═════ GIVEN MATERIAL ═════
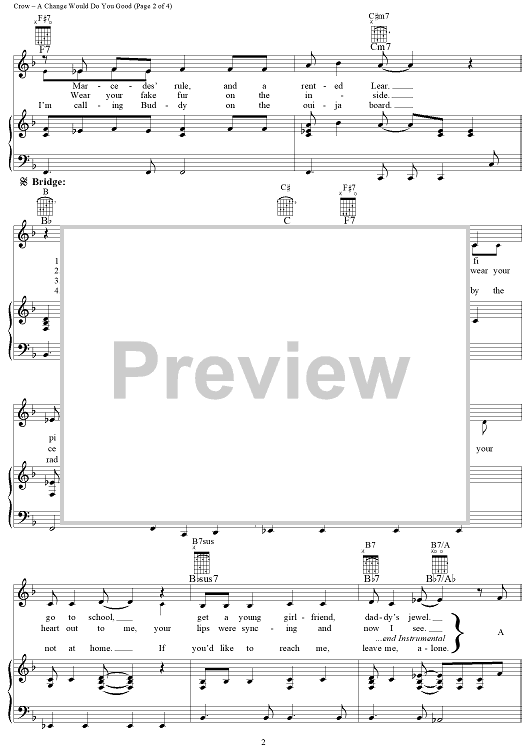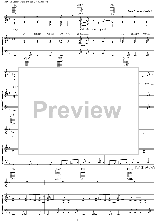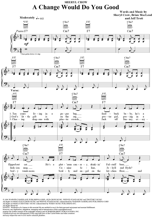 Digital Sheet Music for A Change Would Do You Good by Sheryl Crow, Brian MacLeod, Jeff Trott scored for Piano/Vocal/Chords; id:110790
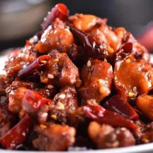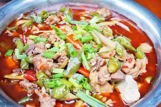 哑巴兔看上去绿绿的,不像其他川菜那么红亮,但实际上它的辣度可是丝毫不差,它用到了小米辣、泡山椒、尖椒、海椒、花椒等,甚至有“十斤鲜辣椒,做一锅哑巴兔”的诨名,所有的辣味,麻味都渗透在兔肉里面,吃完后会让人辣的说不出话来,因此得名“哑巴兔”,酷爱吃辣、无辣不欢的朋友一定要试试。
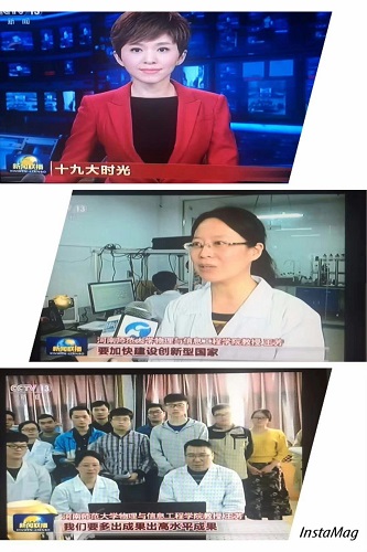 10月19日7点42分19秒,中央电视台《新闻联播》播出《【十九大时光】谋幸福 谋复兴 走好新时代的长征路——十九大报告在各地干部群众中引起热烈反响》,新闻中,物理与材料科学学院刘玉芳课题组成员王芳接受采访。王芳说:“习近平总书记在报告中指出,要加快建设创新型国家,在今后的工作中,要多出高水平成果,把创新落在发展上。”
═════
* HOW TO COMPLETE THIS TASK *
When you find the line that contains "哑巴兔看上去绿绿的,不像其他", retype it and every line after it through the end of the data above, exactly, with no pictures.

* WRITTEN RESPONSE *
 哑巴兔看上去绿绿的,不像其他川菜那么红亮,但实际上它的辣度可是丝毫不差,它用到了小米辣、泡山椒、尖椒、海椒、花椒等,甚至有“十斤鲜辣椒,做一锅哑巴兔”的诨名,所有的辣味,麻味都渗透在兔肉里面,吃完后会让人辣的说不出话来,因此得名“哑巴兔”,酷爱吃辣、无辣不欢的朋友一定要试试。
 10月19日7点42分19秒,中央电视台《新闻联播》播出《【十九大时光】谋幸福 谋复兴 走好新时代的长征路——十九大报告在各地干部群众中引起热烈反响》,新闻中,物理与材料科学学院刘玉芳课题组成员王芳接受采访。王芳说:“习近平总书记在报告中指出,要加快建设创新型国家,在今后的工作中,要多出高水平成果,把创新落在发展上。”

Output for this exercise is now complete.